--- Required work ---
Give again, word for word, the lines below that run from the line with "意味不明あだ名 | 『ペロリンれいあお』『永久保存れいあお』 |" through the line with "Columbia パーカー チェック柄 ネイビー メンズL". Drop the pictures.

--- The data ---
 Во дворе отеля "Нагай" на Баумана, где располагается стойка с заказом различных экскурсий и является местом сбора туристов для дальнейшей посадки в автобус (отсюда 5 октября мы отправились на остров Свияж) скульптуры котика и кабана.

...

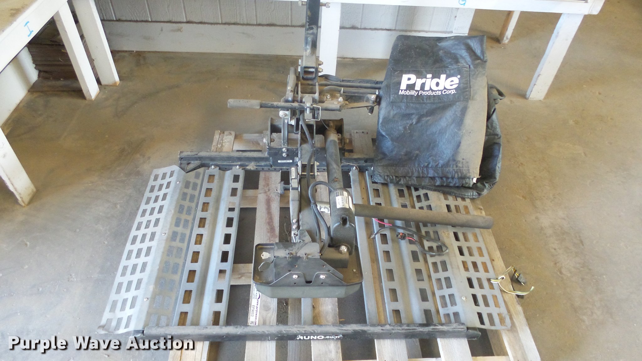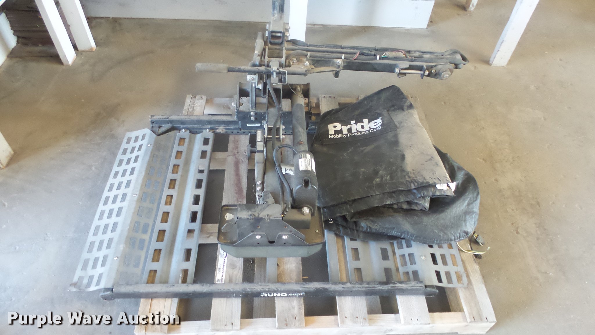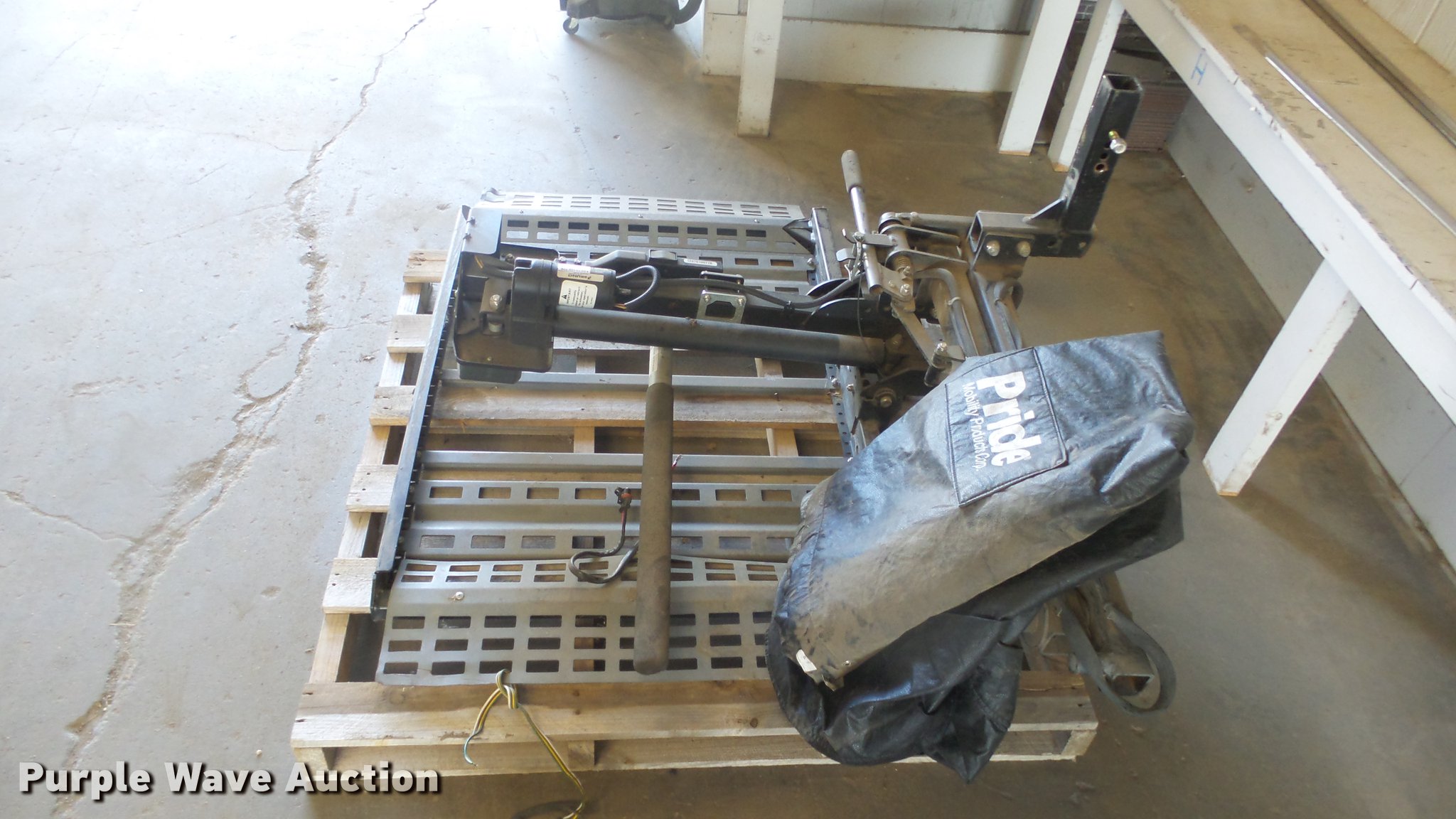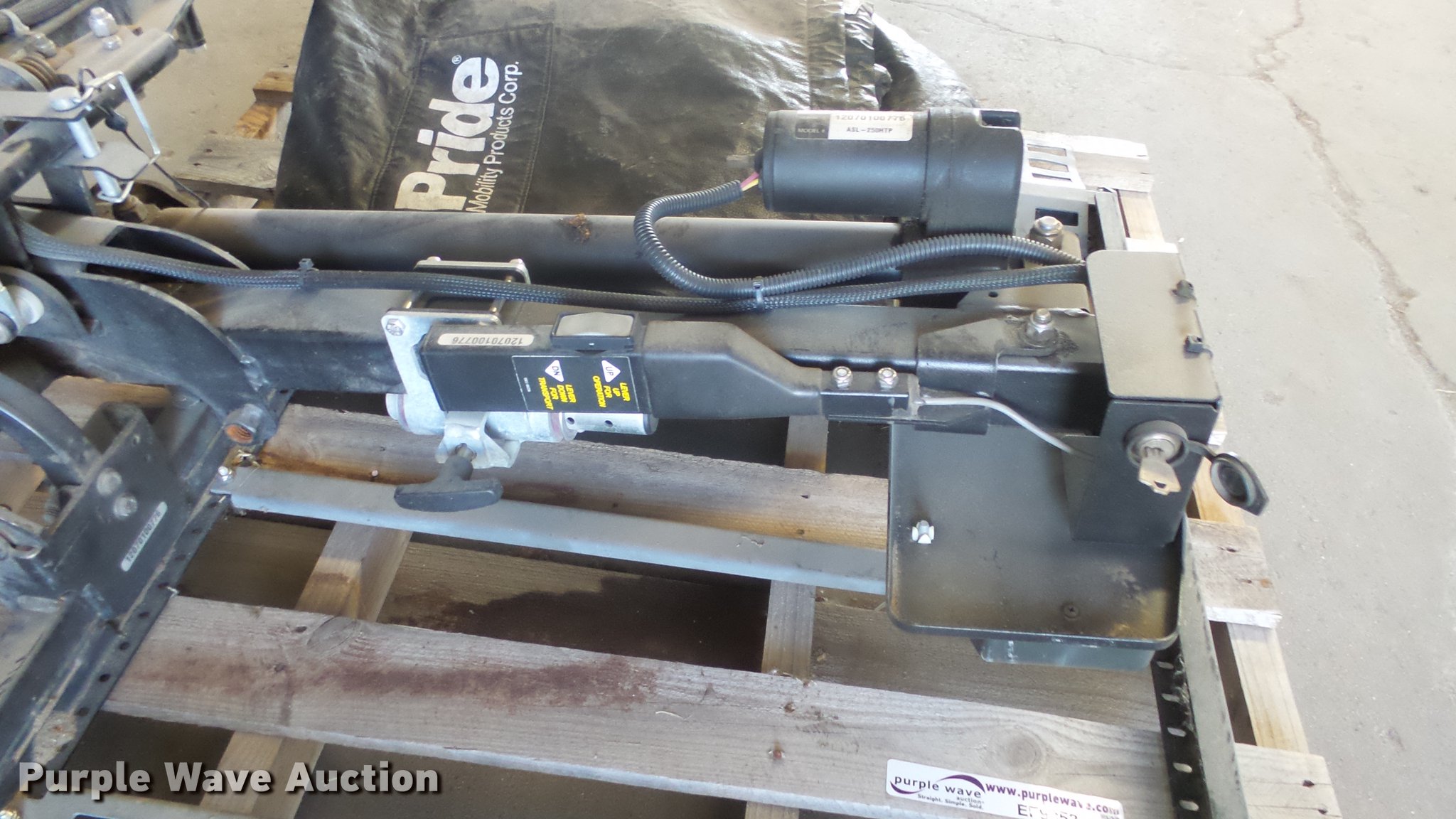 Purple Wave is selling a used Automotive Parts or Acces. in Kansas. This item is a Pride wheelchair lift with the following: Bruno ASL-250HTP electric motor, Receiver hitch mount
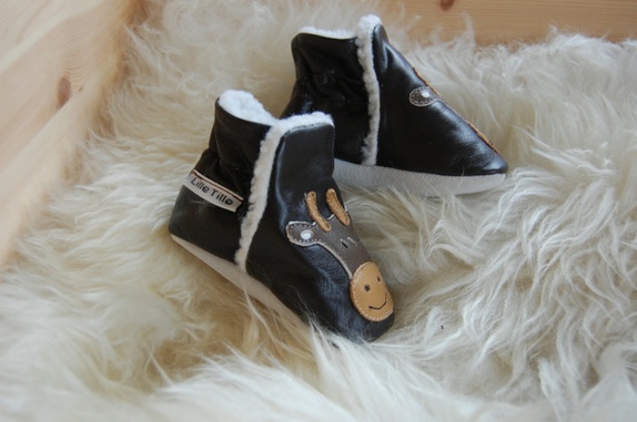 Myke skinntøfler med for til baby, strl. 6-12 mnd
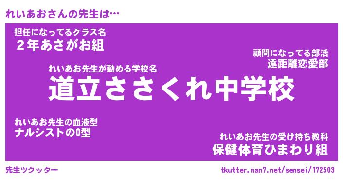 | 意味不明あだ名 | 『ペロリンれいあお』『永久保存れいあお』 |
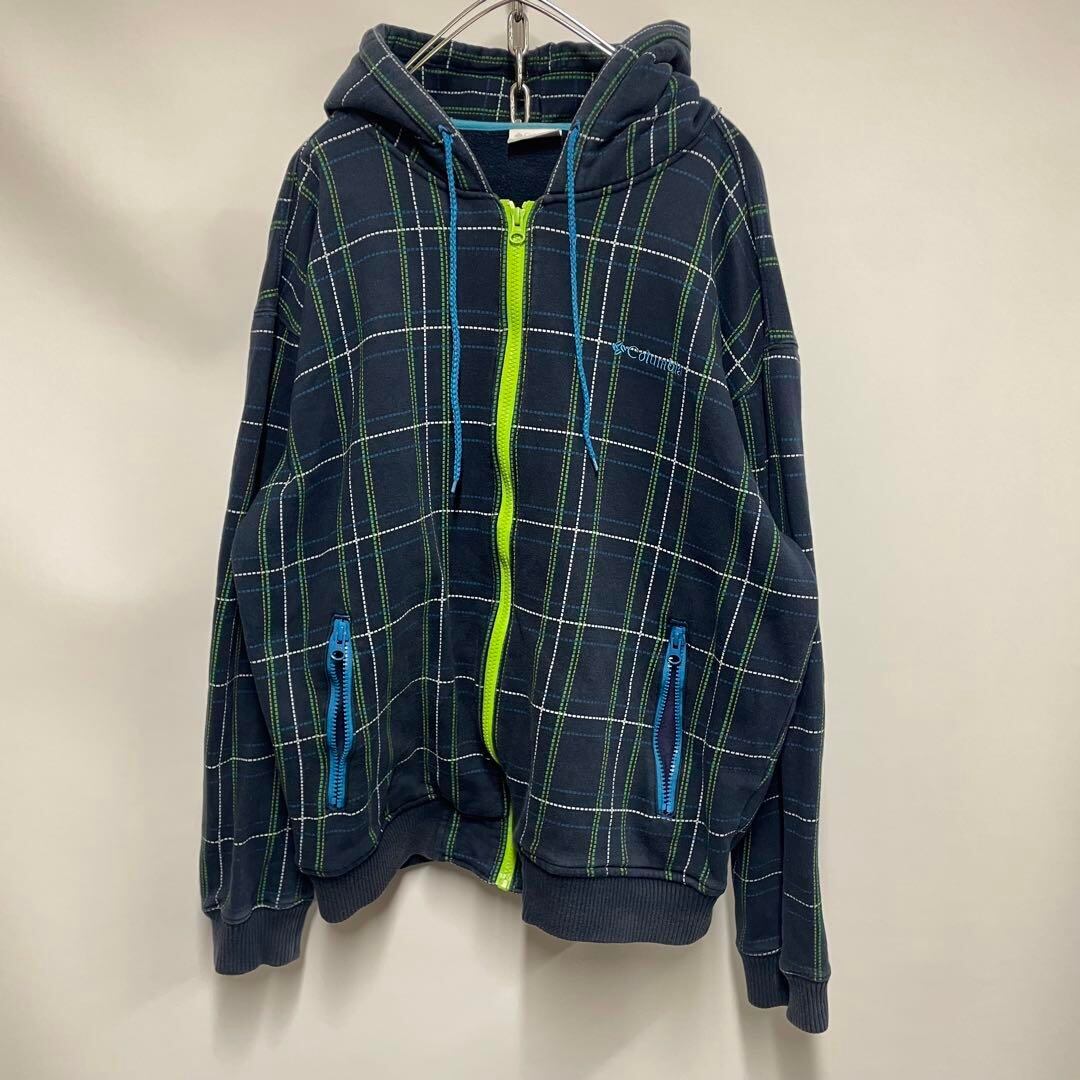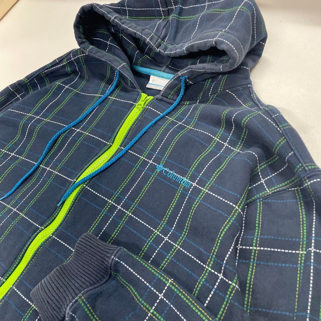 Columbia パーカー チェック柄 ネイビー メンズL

--- Task answer ---
 | 意味不明あだ名 | 『ペロリンれいあお』『永久保存れいあお』 |
 Columbia パーカー チェック柄 ネイビー メンズL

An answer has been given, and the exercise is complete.